▸ What you have to do: Nothing outside the range below should be printed. Output exactly the lines from the line with "陈绮贞沦为小三被状告 钟成虎发文极力护旧爱" to the line with "Parlak krom kasa, mekâna", both included.

[Provided information]

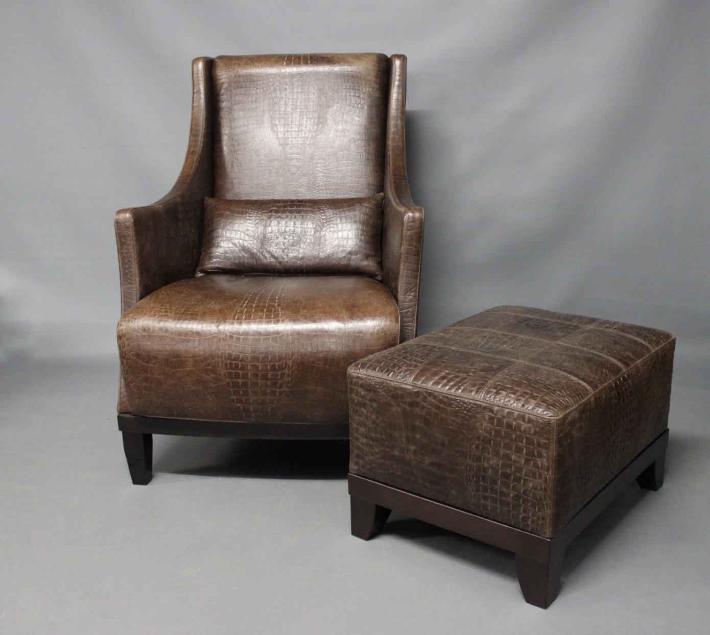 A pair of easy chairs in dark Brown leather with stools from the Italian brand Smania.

[/Provided information]
[Provided information]

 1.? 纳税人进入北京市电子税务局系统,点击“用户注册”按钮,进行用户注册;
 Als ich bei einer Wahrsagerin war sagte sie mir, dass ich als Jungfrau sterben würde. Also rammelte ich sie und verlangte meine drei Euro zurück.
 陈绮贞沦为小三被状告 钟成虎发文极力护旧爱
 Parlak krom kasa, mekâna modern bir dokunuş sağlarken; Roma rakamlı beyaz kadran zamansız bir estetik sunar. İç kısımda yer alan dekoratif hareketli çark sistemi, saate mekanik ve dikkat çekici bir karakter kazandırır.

[/Provided information]

▸ Task answer:
 陈绮贞沦为小三被状告 钟成虎发文极力护旧爱
 Parlak krom kasa, mekâna modern bir dokunuş sağlarken; Roma rakamlı beyaz kadran zamansız bir estetik sunar. İç kısımda yer alan dekoratif hareketli çark sistemi, saate mekanik ve dikkat çekici bir karakter kazandırır.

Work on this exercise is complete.